Before a callback even counts as real, you should have run through all the smokescreens and surfaced whatever the true objection is. If you’re not going to close on the door, you need to create urgency behind the callback. We’re out there because we’re working the neighborhood. Reiterate that you’re going to be taking care of the neighbors the next day. Make it clear you are going to message them and you are going to follow up.

And you have to actually get the phone number with intention. A lot of reps will get the number but never confirm anything. “Yeah, I’ll take your number, I’ll text you” is not a real callback. Get the number, reiterate the follow-up, and make sure there’s urgency behind a decision. A lot of times you’ll actually get a yes or a no back instead of just radio silence.

Rookies struggle with callbacks because they believe everything the customer says. They think every door is a callback. They end up texting 30 people who were never going to buy. That’s why diagnosis matters more than callback volume.

Pickup and Debrief

At the end of the night, everybody gets picked up by the same car group that dropped them off. Getting the team back together at pickup matters because some reps had a great day and some struggled, and the car ride is where the day starts processing.

Lately, when we get back to the house, we’ve been doing a full debrief together. Everyone gathers in the living room and we go around. What worked. What didn’t. What we’re going to do differently tomorrow. That puts us in a much better spot the next morning.

What Our Best Reps Do On Their Own

The reps who actually grow are the ones doing work between the morning meeting and the next morning meeting.

Everyone should know exactly what their goal is and when they want to hit it by. If your goal is $300K or $500K and the numbers you’re throwing up aren’t on track, you have to actually look at it. A lot of reps don’t change anything because they don’t fully realize the situation they’re in. Awareness is the start of everything.

Record your own pitches and listen back. You’ll catch the moments you should have used a different close. You’ll catch the spots where you let the customer drive the conversation. You’ll hear the times you skipped the actual diagnosis. The reps who do this improve fastest because they’re getting feedback in real time from themselves.
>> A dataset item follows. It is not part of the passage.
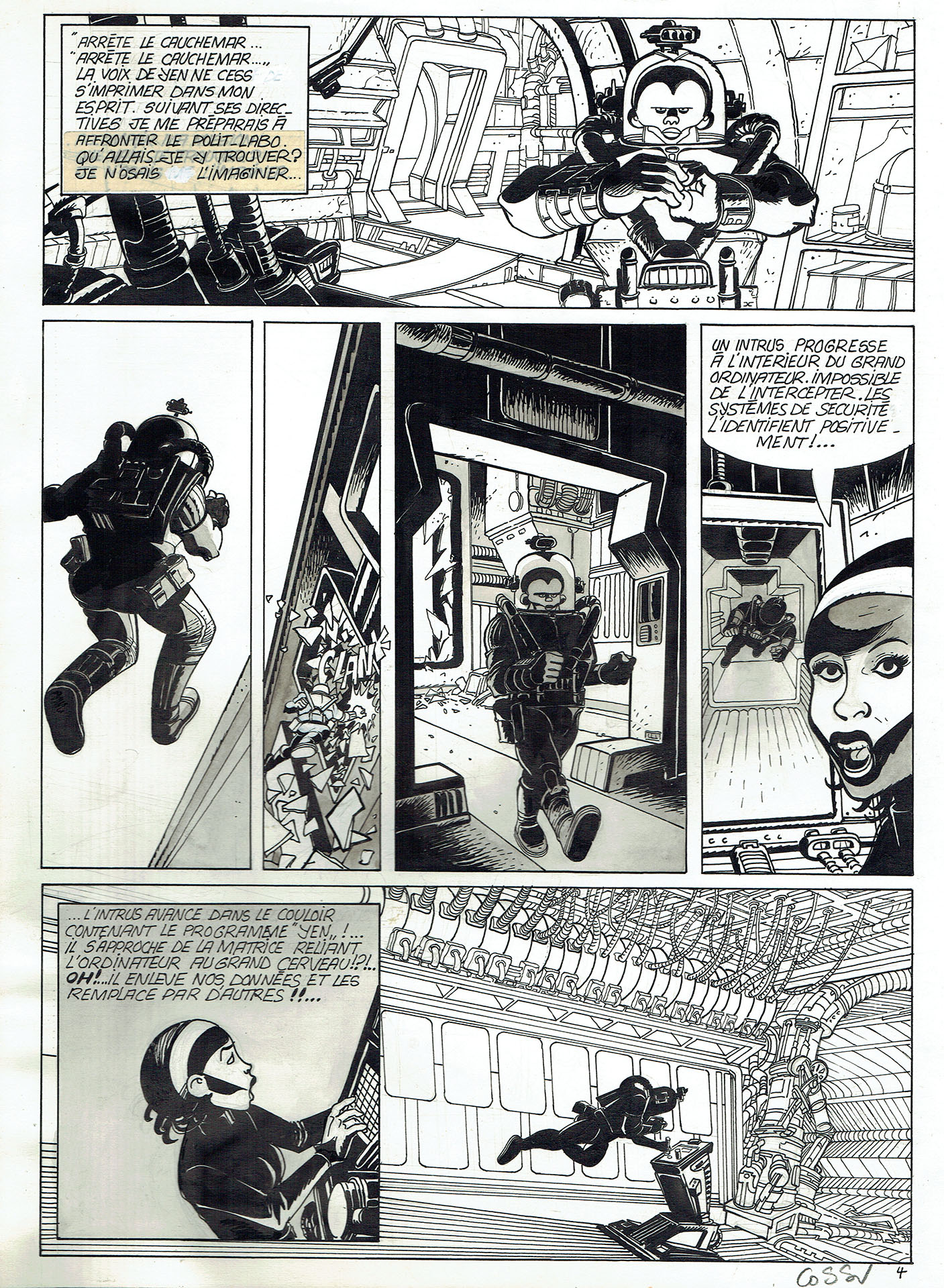 Planches de BD et dessins originaux d’Antonio Cossu. Yen, page 4. Publié dans Spatial n°8. Cette planche originale de bande dessinée est réalisée au crayon, à l’encre, avec de la trame autocollante, et des collages. Les originaux BD sont des œuvres d’art uniques, qui disposent de la bande dessinée publiée comme référent.

On Sundays, our top reps do a personal reflection. What they sold last week. What they need to sell next week. What went well. What went wrong. That habit alone separates the reps who plateau from the ones who keep climbing.

And every rep needs three people around them. A coach, a mentor, and a cheerleader. Each one fills a different role, and you can’t go far without all three.

Saturdays and Holidays Are Your Best Days

Working holidays and weekends is one of the biggest levers you can pull in this business.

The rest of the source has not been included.